Source data: Begin

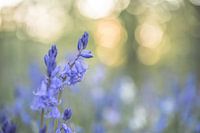 Close up van een blauwe boshyacinth met een warme, zonnige en zachte bokeh achtergrond.
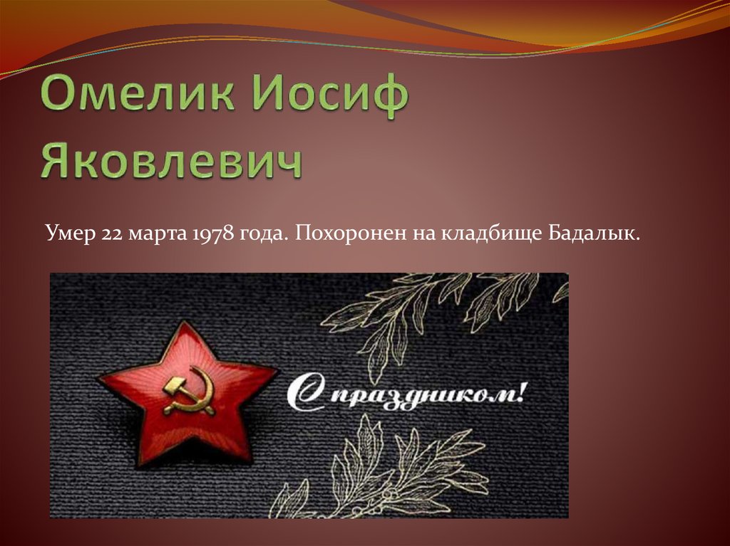 Герой Великой Отечественной войны Омелик Иосиф Яковлевич
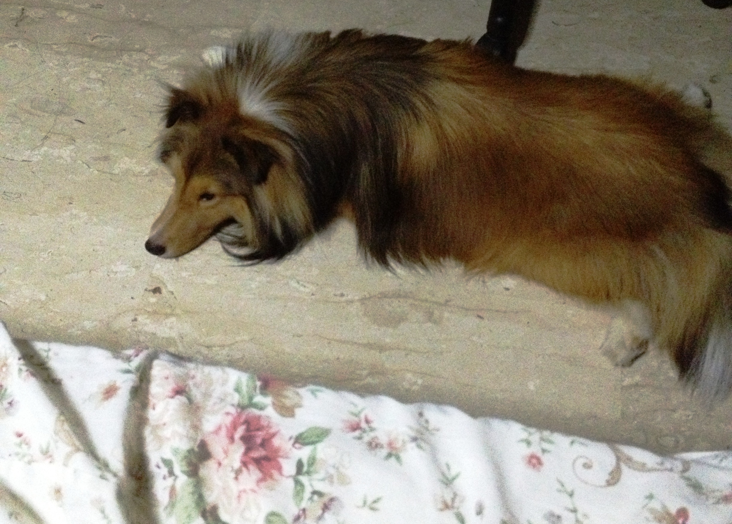 Look at how full and thick his coat was! He was not fat at any time of his life–I’m quite a sticker for weight– and although he hasn’t yet got his dark brown, note that his coat isn’t yellow here. He’s an immature mahogany sheltie here, so his coat isn’t THAT dark yet, but definitely darker than the picture below.
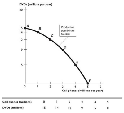 The figure above shows a production possibilities frontier. In the figure, when the economy moves from point C to point B, what is the opportunity cost of a DVD?
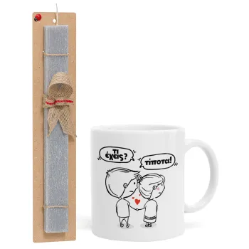 Τι έχεις? Τίποτα!, Easter Set, Ceramic Cup (330ml) & Easter aromatic flat candle (30cm) (GRAY)
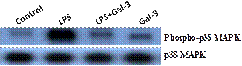 Fig. 8: Galectin-3 significantly attenuates p38 MAPK phosphorylation induced by LPS in adipocytes. Proteins (50 µg per lane) were separated by SDS-PAGE and analyzed by Western blotting using an anti-phospho-p38 MAP Kinase protein antibody (Thr180/Tyr182). Loading equality was controlled using an antibody against the unphosphorylated isoform of p38. The data represent a typical result from three independent experiments
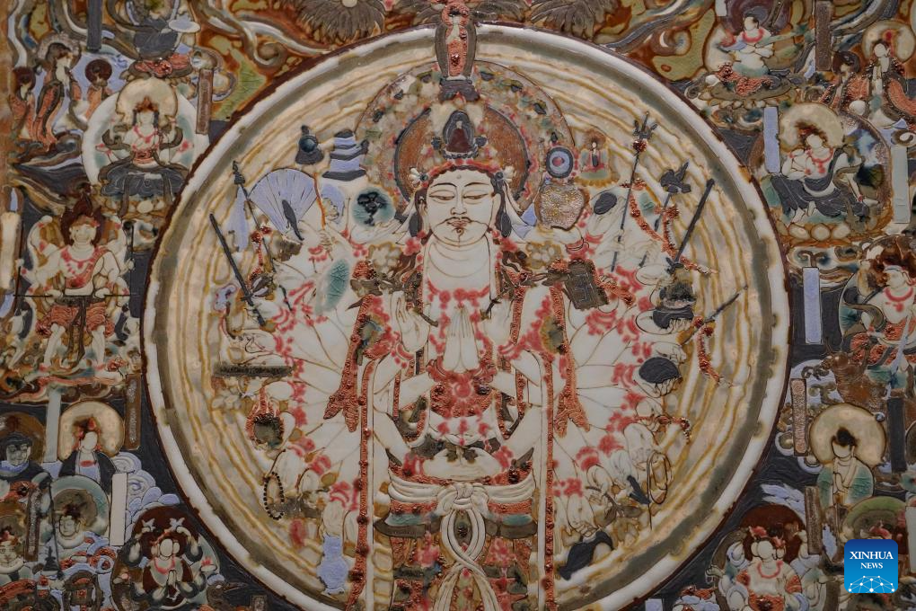 This photo taken on Dec. 19, 2025 shows a ceramic artwork related to Dunhuang murals during the "Dunhuang in Glazes" exhibition at the Jiangxi provincial art museum, in Nanchang, east China's Jiangxi Province. (Xinhua/Zhou Mi)
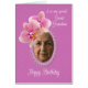 Eine Geburtstagskarte für eine Urgroßmutter. Orchideen symbolisieren Liebe, Luxus und Kraft - Eigenschaften, die die Schönheit ihres Geistes widerspiegeln. An ihrem Geburtstag wünschen Sie sich, dass ihr Tag so exquisit und unvergesslich ist wie diese Blüten. Fügen Sie ihr Foto hinzu, um eine einzigartige Karte speziell für sie zu erstellen.
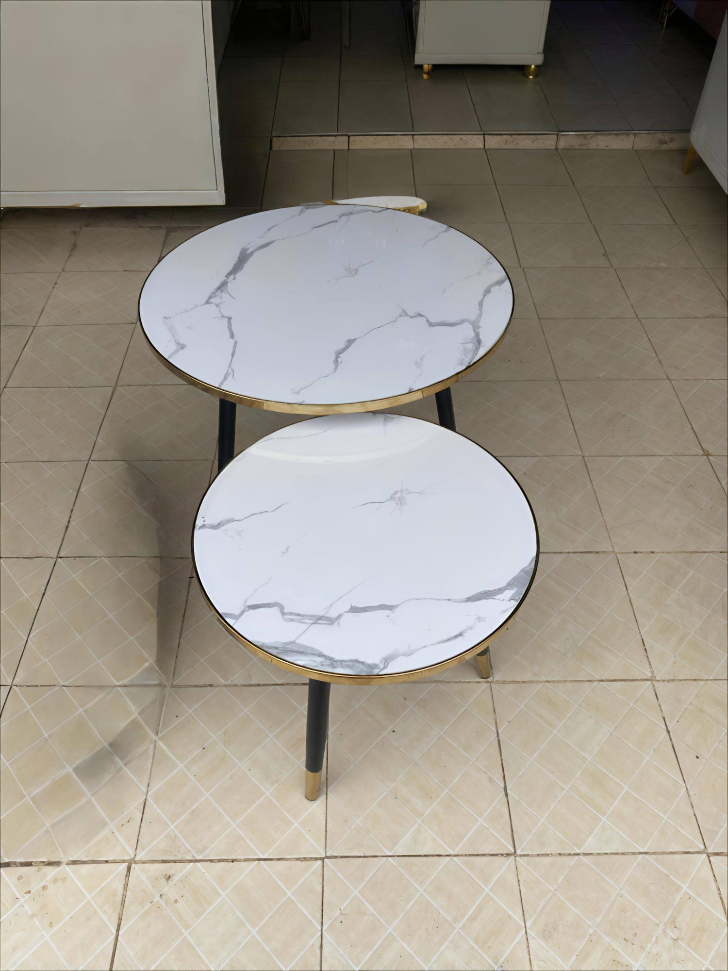 Elevate your living space with this luxurious 2-piece round coffee table set featuring a sleek marble-look top and stunning gold trim. Perfect for modern interiors, this duo brings a blend of elegance, function, and minimalist flair.
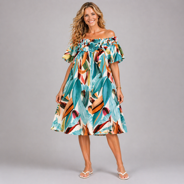 Bright Leaf Print Elastic Waist Gypsy Style Calf Length Dress
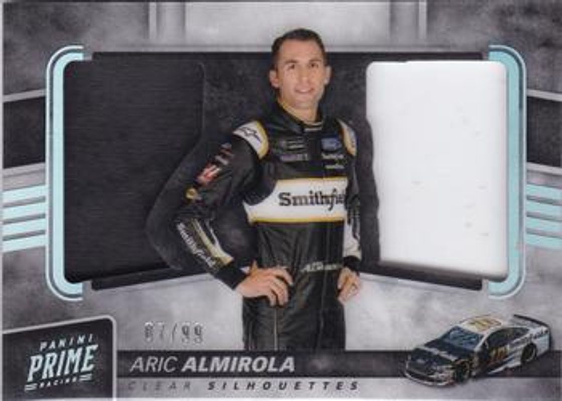 The Aric Almirola 2018 Prime NASCAR #CS-AA Clear Silhouettes Dual /99 card is 1 of 71 Aric Almirola's card variations in the 2018 Prime NASCAR set being tracked by Sports Card Investor, including #78 Base /50, #45 Base /50, #11 Base /50, #78 Holo Gold /25, and #45 Holo Gold /25.
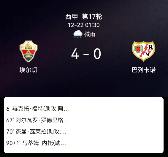 北京时间12月22日,2025赛季西班牙足球甲级联赛第17轮,埃尔切主场对阵巴列卡诺。第6分钟埃克托-福特破门,1-0;第67分钟阿尔瓦罗-罗德里格斯建功,2-0;第70分钟巴莱拉破门,3-0;补时第1分钟马蒂姆-内托锁定胜局,….....
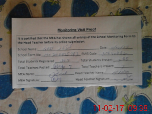 | Attendance Register | Head Teacher | MEA with School | Visit Proof |
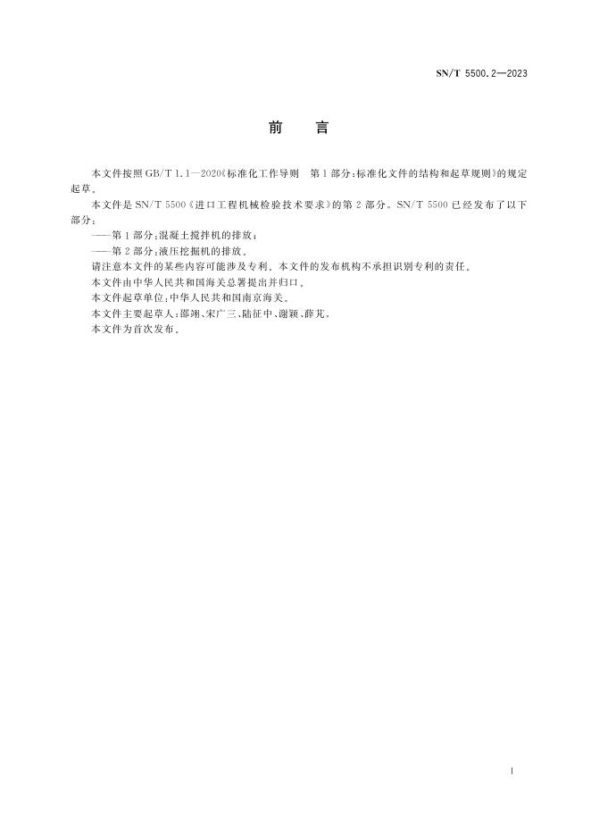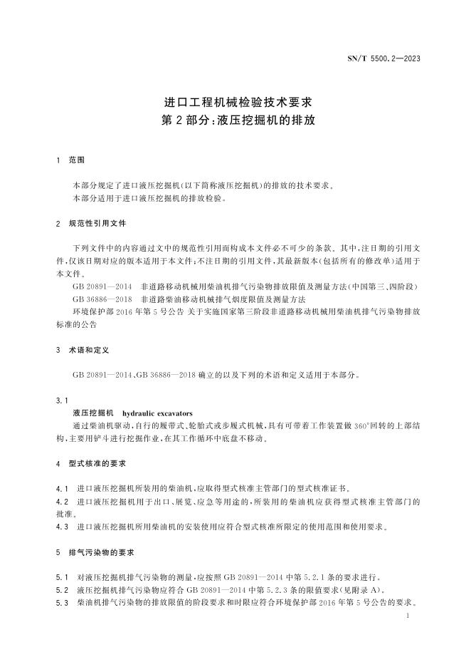 SN/T 5500.2-2023 进口工程机械检验技术要求 第2部分:液压挖掘机的排放
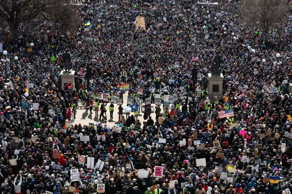 Milhares de manifestantes saíram neste sábado (5) às ruas de Washington e outras cidades dos Estados Unidos contra as políticas de Donald Trumpnos maiores protestos contra o presidente republicano desde seu retorno, no final de janeiro, ao poder.

Source data: End

_The problem_
Return every entry above word for word, and include no images.

_Solution for this problem_
 Close up van een blauwe boshyacinth met een warme, zonnige en zachte bokeh achtergrond.
 Герой Великой Отечественной войны Омелик Иосиф Яковлевич
 Look at how full and thick his coat was! He was not fat at any time of his life–I’m quite a sticker for weight– and although he hasn’t yet got his dark brown, note that his coat isn’t yellow here. He’s an immature mahogany sheltie here, so his coat isn’t THAT dark yet, but definitely darker than the picture below.
 The figure above shows a production possibilities frontier. In the figure, when the economy moves from point C to point B, what is the opportunity cost of a DVD?
 Τι έχεις? Τίποτα!, Easter Set, Ceramic Cup (330ml) & Easter aromatic flat candle (30cm) (GRAY)
 Fig. 8: Galectin-3 significantly attenuates p38 MAPK phosphorylation induced by LPS in adipocytes. Proteins (50 µg per lane) were separated by SDS-PAGE and analyzed by Western blotting using an anti-phospho-p38 MAP Kinase protein antibody (Thr180/Tyr182). Loading equality was controlled using an antibody against the unphosphorylated isoform of p38. The data represent a typical result from three independent experiments
 This photo taken on Dec. 19, 2025 shows a ceramic artwork related to Dunhuang murals during the "Dunhuang in Glazes" exhibition at the Jiangxi provincial art museum, in Nanchang, east China's Jiangxi Province. (Xinhua/Zhou Mi)
 Eine Geburtstagskarte für eine Urgroßmutter. Orchideen symbolisieren Liebe, Luxus und Kraft - Eigenschaften, die die Schönheit ihres Geistes widerspiegeln. An ihrem Geburtstag wünschen Sie sich, dass ihr Tag so exquisit und unvergesslich ist wie diese Blüten. Fügen Sie ihr Foto hinzu, um eine einzigartige Karte speziell für sie zu erstellen.
 Elevate your living space with this luxurious 2-piece round coffee table set featuring a sleek marble-look top and stunning gold trim. Perfect for modern interiors, this duo brings a blend of elegance, function, and minimalist flair.
 Bright Leaf Print Elastic Waist Gypsy Style Calf Length Dress
 The Aric Almirola 2018 Prime NASCAR #CS-AA Clear Silhouettes Dual /99 card is 1 of 71 Aric Almirola's card variations in the 2018 Prime NASCAR set being tracked by Sports Card Investor, including #78 Base /50, #45 Base /50, #11 Base /50, #78 Holo Gold /25, and #45 Holo Gold /25.
 北京时间12月22日,2025赛季西班牙足球甲级联赛第17轮,埃尔切主场对阵巴列卡诺。第6分钟埃克托-福特破门,1-0;第67分钟阿尔瓦罗-罗德里格斯建功,2-0;第70分钟巴莱拉破门,3-0;补时第1分钟马蒂姆-内托锁定胜局,….....
 | Attendance Register | Head Teacher | MEA with School | Visit Proof |
 SN/T 5500.2-2023 进口工程机械检验技术要求 第2部分:液压挖掘机的排放
 Milhares de manifestantes saíram neste sábado (5) às ruas de Washington e outras cidades dos Estados Unidos contra as políticas de Donald Trumpnos maiores protestos contra o presidente republicano desde seu retorno, no final de janeiro, ao poder.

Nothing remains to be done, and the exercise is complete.